Items listed in a dataset
+++

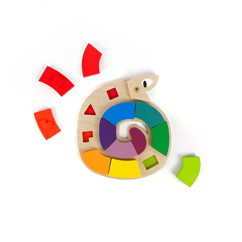 This brightly colored snake puzzle has so many different levels of play! The pieces fit together like a puzzle. Little ones can remove and match the color pieces, or underneath each piece is a 3-dimensional shape that can also be matched.Dimensions: 10.43
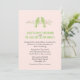 Na moda de convite para casamento feito em um fundo rosa muito pálido, com gráficos de uma terra floral verde e rosa com dois pássaros de amor verde, no topo. Personalize todo o texto para o seu dia especial. Produtos correspondentes disponíveis.
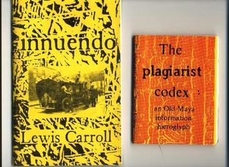 Sichtet man Archive und Anthologien der Mail Art, so stellt man in der Tat fest, daß ihr Gros sich im epigonalen Imitieren von Fluxus und Konzeptkunst erschöpft, diese Epigonalität aber nicht eingesteht und deshalb auch nicht als künstlerische Strategie zu deklarieren weiß. So konnten die Festivals of Plagiarism, SMILE, VAGUE und PhotoStatic/Retrofuturism mit ihren Aufrufen zum Plagiat und zu einem Kunststreik von 1990 bis 199 die Mail Art mit unbequemen Fragen konfrontieren. Umgekehrt galt jedoch auch. Die Plagiats-Kampagnen benötigten eine Ästhetik und waren, da sie den Kunstbetrieb anvisierten, auf künstlerische Mitstreiter angewiesen. Die Mail Art-Künstler standen hierfür bereit, und ihre Ästhetik vereinnahmte die Festivals of Plagiarism. Zwei Druckschriften, die das amerikanische Künstlerduo Xexoxial Endarchy (Liz Was und Miekal And) 1988 für das erste Festival of Plagiarism herstellte, veranschaulichen diese Problematik (Abb. 2.7). Die erste Schrift ist ein falsches Lewis Carroll-Buch, die zweite ein gefälschter Maya-Codex als vorgeblich ältestes Manifest künstlerischen Plagiatorentums. Bereits die fotokopierten Einbänden lassen keinen Zweifel, daß es sich hier nicht um ambitionierte Fälschungen, sondern typische, unschwer identifizierbare Mail Art handelt, obwohl selbst mit den beschränkten technischen Mitteln der Xerographie der Eindruck einer Raubkopie eines verschollenen oder unter Verschluß gehaltenen Manuskripts leicht herzustellen gewesen wäre.
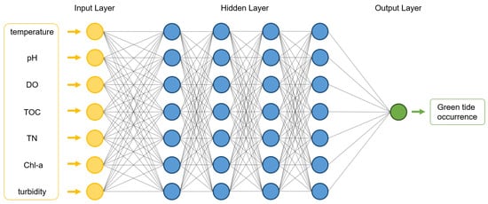 The green tide occurrence prediction model used in this paper is a binary classification model based on deep neural networks. Based on the seven water quality indicators data observed in real-time, the model learns the relationship between the indicator values and the possibility of green tide occurrence.
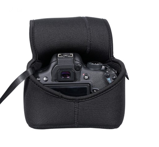 Wysokiej jakości futerał firmy JJC wykonany z materiału neoprene, doskonale chroni aparat przed wszelkiego rodzaju uszkodzeniami mechanicznymi oraz zabrudzeniami. Materiał, z którego został wykonany futerał jest elastyczny, co sprawia, że idealnie dopasowuje się do kształtów aparatu.
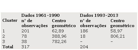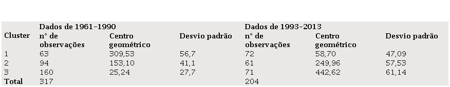 O primeiro agrupamento a ser testado foi o com três grupos. Após o agrupamento gerado, avaliou-se a não existência de dados que apresentam comportamento diferenciado da média, os chamados outleirs. Para os dados de 1961-1990, nesta proposta de agrupamento, conforme a Tabela 2, a concentração de cidades no Grupo 3 e um desvio padrão alto para todos os três conjuntos, o que permite concluir que essa divisão é pouco representativa, indicando a necessidade de um número maior de grupos. Para os dados de 1993-2013, a concentração de cidades em um único grupo não foi observada, contudo o desvio padrão alto para todos os três conjuntos também foi observado para estes dados.
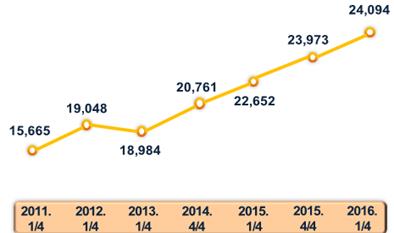 중소기업청(이하 중기청)이 28일 발표한 신설법인 동향에 따르면, 올 1분기 신설법인은 전년동기대비 6.4%(1442개) 증가한 2만4094개를 기록했다. 분기 기준으로 역대 최대치다. 신설법인 수는 지난해 1분기 2만2652개에서 지난해 4분기 2만3973개로 지속 증가하고 있다.

+++

== WHAT THE TASK REQUIRES ==
Leaving the pictures aside, write out the entries above exactly.

== PROBLEM SOLUTION ==
 This brightly colored snake puzzle has so many different levels of play! The pieces fit together like a puzzle. Little ones can remove and match the color pieces, or underneath each piece is a 3-dimensional shape that can also be matched.Dimensions: 10.43
 Na moda de convite para casamento feito em um fundo rosa muito pálido, com gráficos de uma terra floral verde e rosa com dois pássaros de amor verde, no topo. Personalize todo o texto para o seu dia especial. Produtos correspondentes disponíveis.
 Sichtet man Archive und Anthologien der Mail Art, so stellt man in der Tat fest, daß ihr Gros sich im epigonalen Imitieren von Fluxus und Konzeptkunst erschöpft, diese Epigonalität aber nicht eingesteht und deshalb auch nicht als künstlerische Strategie zu deklarieren weiß. So konnten die Festivals of Plagiarism, SMILE, VAGUE und PhotoStatic/Retrofuturism mit ihren Aufrufen zum Plagiat und zu einem Kunststreik von 1990 bis 199 die Mail Art mit unbequemen Fragen konfrontieren. Umgekehrt galt jedoch auch. Die Plagiats-Kampagnen benötigten eine Ästhetik und waren, da sie den Kunstbetrieb anvisierten, auf künstlerische Mitstreiter angewiesen. Die Mail Art-Künstler standen hierfür bereit, und ihre Ästhetik vereinnahmte die Festivals of Plagiarism. Zwei Druckschriften, die das amerikanische Künstlerduo Xexoxial Endarchy (Liz Was und Miekal And) 1988 für das erste Festival of Plagiarism herstellte, veranschaulichen diese Problematik (Abb. 2.7). Die erste Schrift ist ein falsches Lewis Carroll-Buch, die zweite ein gefälschter Maya-Codex als vorgeblich ältestes Manifest künstlerischen Plagiatorentums. Bereits die fotokopierten Einbänden lassen keinen Zweifel, daß es sich hier nicht um ambitionierte Fälschungen, sondern typische, unschwer identifizierbare Mail Art handelt, obwohl selbst mit den beschränkten technischen Mitteln der Xerographie der Eindruck einer Raubkopie eines verschollenen oder unter Verschluß gehaltenen Manuskripts leicht herzustellen gewesen wäre.
 The green tide occurrence prediction model used in this paper is a binary classification model based on deep neural networks. Based on the seven water quality indicators data observed in real-time, the model learns the relationship between the indicator values and the possibility of green tide occurrence.
 Wysokiej jakości futerał firmy JJC wykonany z materiału neoprene, doskonale chroni aparat przed wszelkiego rodzaju uszkodzeniami mechanicznymi oraz zabrudzeniami. Materiał, z którego został wykonany futerał jest elastyczny, co sprawia, że idealnie dopasowuje się do kształtów aparatu.
 O primeiro agrupamento a ser testado foi o com três grupos. Após o agrupamento gerado, avaliou-se a não existência de dados que apresentam comportamento diferenciado da média, os chamados outleirs. Para os dados de 1961-1990, nesta proposta de agrupamento, conforme a Tabela 2, a concentração de cidades no Grupo 3 e um desvio padrão alto para todos os três conjuntos, o que permite concluir que essa divisão é pouco representativa, indicando a necessidade de um número maior de grupos. Para os dados de 1993-2013, a concentração de cidades em um único grupo não foi observada, contudo o desvio padrão alto para todos os três conjuntos também foi observado para estes dados.
 중소기업청(이하 중기청)이 28일 발표한 신설법인 동향에 따르면, 올 1분기 신설법인은 전년동기대비 6.4%(1442개) 증가한 2만4094개를 기록했다. 분기 기준으로 역대 최대치다. 신설법인 수는 지난해 1분기 2만2652개에서 지난해 4분기 2만3973개로 지속 증가하고 있다.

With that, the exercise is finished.